It seems that a lot f the issues the author has they can fix by moving over to OpenBSD. I'd be curious to hear what makes them stick with FreeBSD instead considering the complaint.
OpenBSD man pages and FAQ are really good too.
LLVM is not in the base install, but you can install clang from ports and build a program if you need to.
I agree with pledge() and arc4random(). They are both ridiculously easy to use. FreeBSD has Capsicum but it doesn't seem to be integrated.
Oh, and FreeBSD has DTrace. Judging from some recent commits it looks like OpenBSD is going to get some sort of tracing framework.
It's unfortunate that Shawn and Oliver decided, after failing to upstream their ASLR patches, to make HardenedBSD a full fork. I wish they would reconsider, because Konstantin Belusov has begun an upstream from scratch implementation of ASLR. But HardenedBSD is so much more than just ASLR and for a network facing OS it's crucial to have as many layers of mitigation as possible. Jails with Capsicum and ZFS are so promising already.
And let's not forget that OpenBSD doesn't make use of modern hardware as well as Linux and FreeBSD or DragonflyBSD. SMP incompleteness is one of the issues.
As with all things in computer science, there haven been successful implementations of anything that we see as unsolvable in a Unix-derivative. It's sad that so little of even non-research results has been incorporated into mainstream operating systems. I'm sure nickpsecurity can expand on this in detail, but let's just say Burroughs, VMS, Eros, L4 are all things that come to minds as ancient production quality software which solved issues fundamentally. For a newer strain have a look at Barrelfish.
OpenBSD supports multiple cores fine as far as userland goes. If you have 8 cores and start 20 userland processes, they'll be scheduled on all 8 cores. But yes, the kernel itself is not as fine-grain multithreaded as some others. Whether that matters depends on whether waiting on the kernel turns out to be a bottleneck for your workload.
It might be ok for compute-only tasks that spread calculations over threads or processes in userland, but anything involving input/outpout (e.g. networking) will block.
Not at all, SMP opens a huge can of worms both for userland and kernel security. Suddenly you have all sorts of weird race conditions to deal with and in some kernels (cough XNU) logic bugs that stem directly from how kernel subsystems interact with threads. I don't blame OpenBSD for not going down that route.
Which is why DragonflyBSD was forked during the disagreement on FreeBSD's SMPng. Matt implemented more of a message passing system instead and Sepherosa Ziehau made all kinds of improvements to share as little as possible between cores and thus enable higher scalability in particular for networking.
Jails are a mechanism, not the mechanism. OpenBSD has chroot for most of the same use cases. Virtualization is long overdue but it's coming. ZFS is not my kink but I get it why people want it. Having worked on CoW file system for three years I came to the conclusion that its perceived appeal is what sells it, but use cases are very few (if any) without system-wide control service. :)

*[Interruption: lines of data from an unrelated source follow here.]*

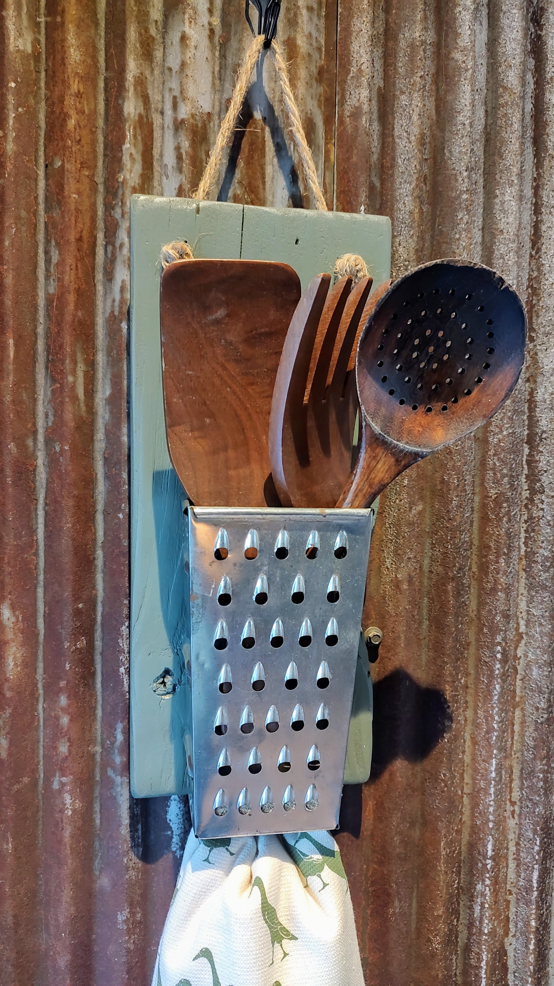 Repurposed barn wood and vintage grater make up this adorable, yet useful hanging that provides storage for things like your wooden spoons and the perfect spot for a towel to hang.
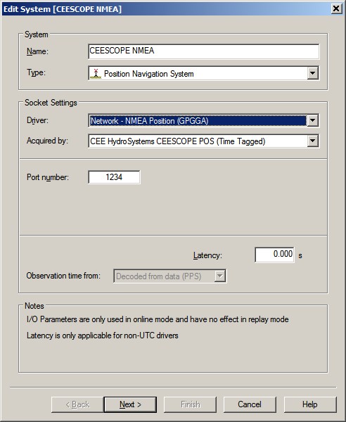 -- The Observation name can be any free text, with a maximum of 16 characters.In order to decode the Position Data coming from the internal or external GNSS receiver connected to the CEESCOPE unit, add a Position Navigation system to your template setup and select driver "Network - NMEA Position and Heading (Checksum)", or "NMEA Position and Heading (Checksum)" for the serial variant.
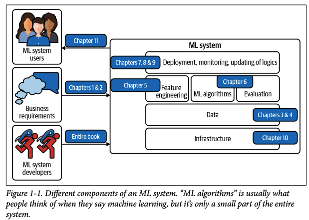 ML 시스템에는 프로젝트의 출발점이 된 비즈니스 요구사항, 사용자와 개발자가 시스템과 상호작용하는 인터페이스, 데이터 스택, 모델을 개발·모니터링·업데이트하는 로직, 그리고 이 로직을 제공할 수 있도록 지원하는 인프라가 모두 포함됩니다.
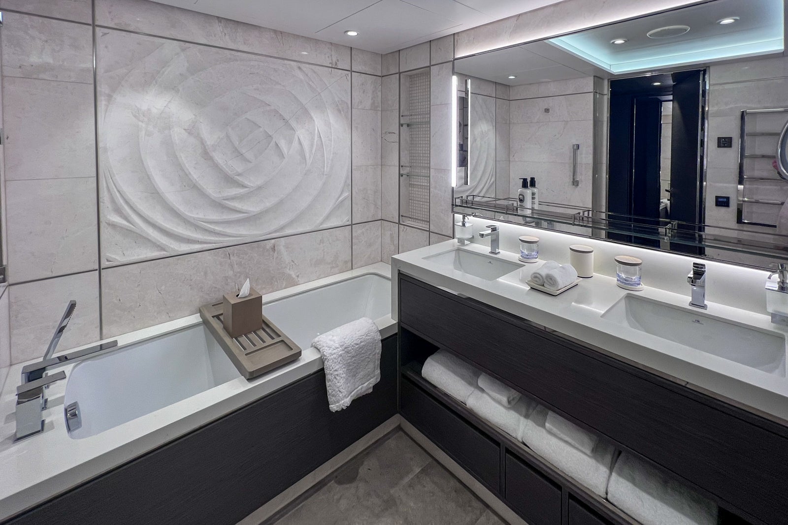 Indeed, the three TPG staffers on the tour all agreed that this was a ship that Ritz-Carlton customers would enjoy. It had the luxurious finishings and sumptuous furniture (including leather sofas and marble-topped tables in lounges) that one expects from a Ritz-Carlton property, the smart-looking staffer waiting for your arrival at the door with a cold towel, the masseuses on call at a serene in-house spa to rub away your worries.
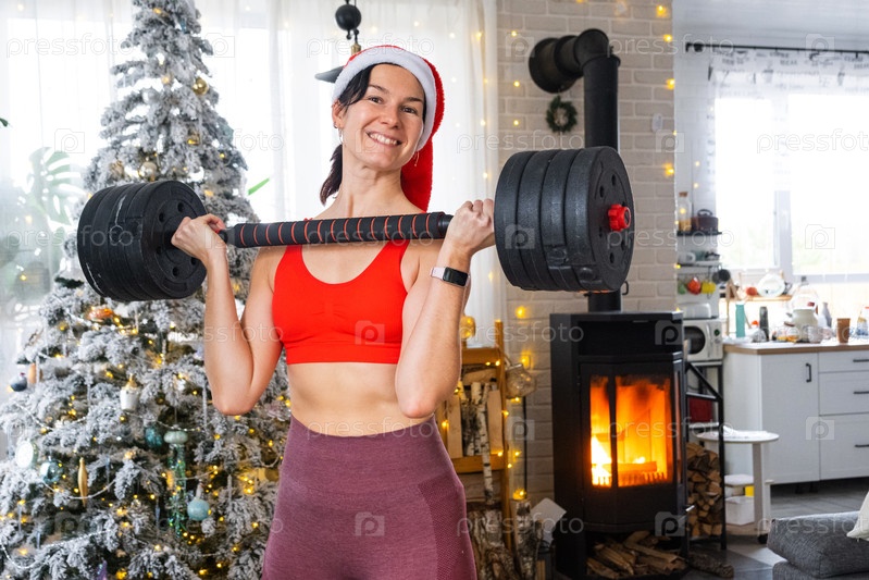 Женщина в спортивной форме и шляпе Санта занимается фитнесом и силовыми тренировками со штангой дома в рождественском интерьере с елкой. Восстановление спортивной формы после Нового года

Virtualization for amd64 and i386 is in progress. Rapid development is taking place on vmm/vmd. There is a port of dragonfly hammer fs which is less rapid.

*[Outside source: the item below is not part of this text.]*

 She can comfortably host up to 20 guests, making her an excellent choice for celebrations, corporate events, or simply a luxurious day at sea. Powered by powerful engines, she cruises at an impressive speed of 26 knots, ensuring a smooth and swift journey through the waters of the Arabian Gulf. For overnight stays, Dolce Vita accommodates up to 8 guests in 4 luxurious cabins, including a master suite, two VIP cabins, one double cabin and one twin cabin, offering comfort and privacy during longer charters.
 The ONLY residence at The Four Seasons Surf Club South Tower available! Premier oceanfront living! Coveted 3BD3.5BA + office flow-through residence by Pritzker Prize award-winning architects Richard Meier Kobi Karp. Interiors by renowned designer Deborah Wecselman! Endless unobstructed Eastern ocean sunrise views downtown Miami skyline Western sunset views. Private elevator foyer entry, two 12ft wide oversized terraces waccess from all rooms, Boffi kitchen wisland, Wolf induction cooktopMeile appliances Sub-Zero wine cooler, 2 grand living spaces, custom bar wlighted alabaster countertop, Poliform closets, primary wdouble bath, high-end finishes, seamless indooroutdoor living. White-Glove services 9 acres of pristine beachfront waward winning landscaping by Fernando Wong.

I use FreeBSD for a fileserver because it has rock solid ZFS support. At least at the time I set it up (I haven't looked recently), neither OpenBSD nor Linux supported ZFS nearly as well.

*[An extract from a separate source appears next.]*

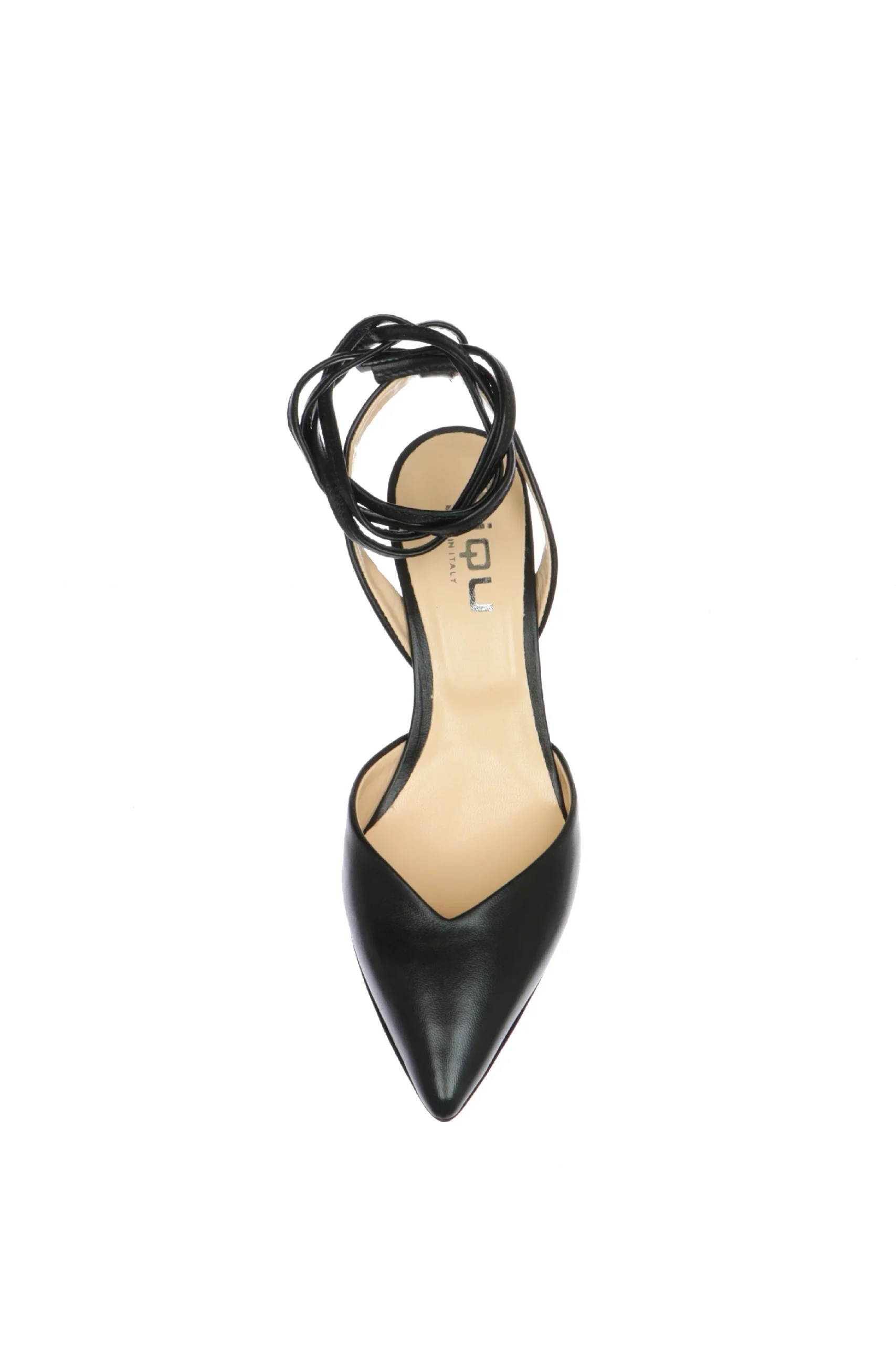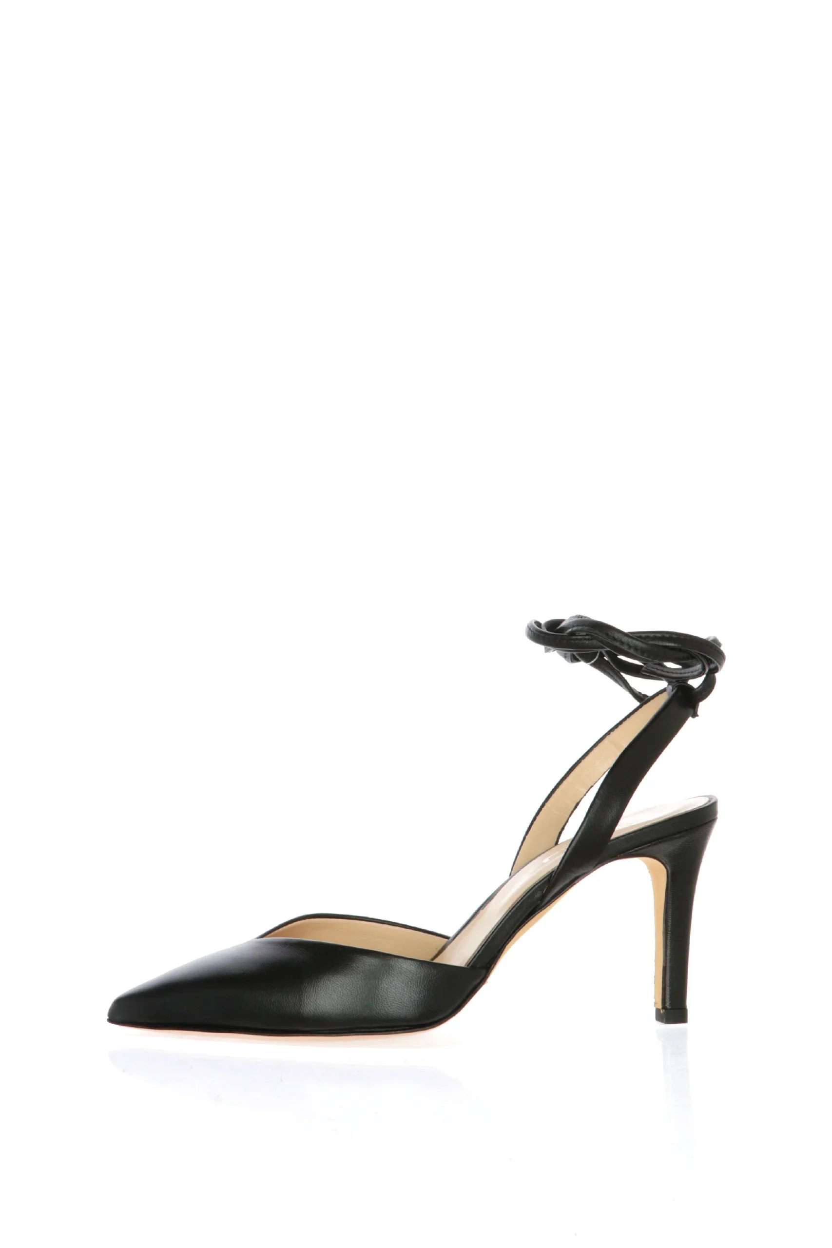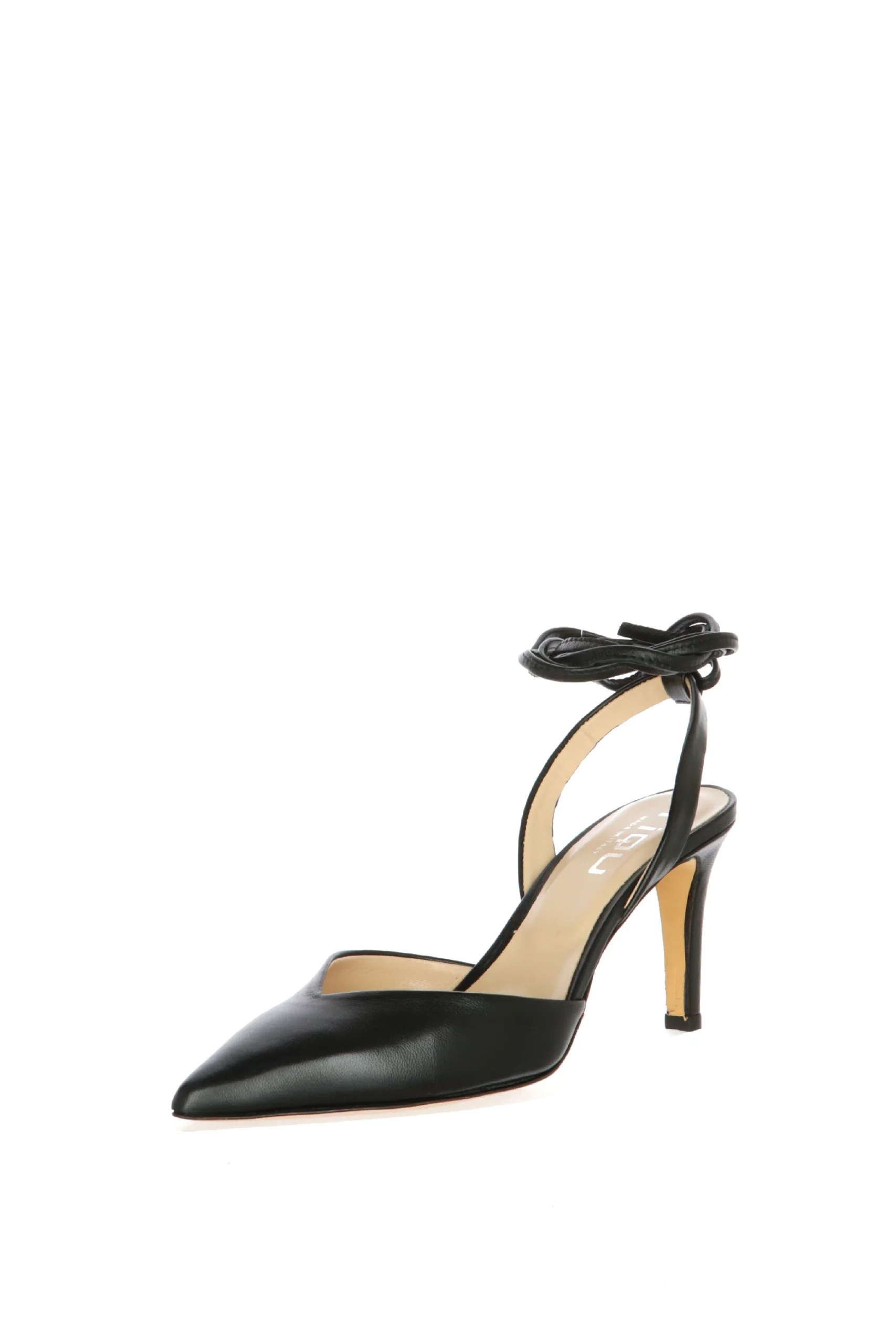 Decolletè in pelle aperto al tallone con laccio a caviglia nero o platino

In terms of tool/system integration FreeBSD's ZFS is miles ahead of ZFSoL and this is unlikely to ever change. FreeBSD has its own userland that does not need to run anywhere else; updating it to integrate new kernel capabilities is comparatively easy.
This can simply not happen for ZFSoL in the same way, since it would split this integration over a myriad of projects and then still require a distribution to make all the right choices.
With regards to OpenBSD, I think it was at the last EuroBSDCon in Stockholm during Henning's talk when he said that "ZFS was not the solution" or something to that effect. Quite rich, I thought, coming from a platform where software-mirroring and disk encryption is an either-or decision (at least was at the time).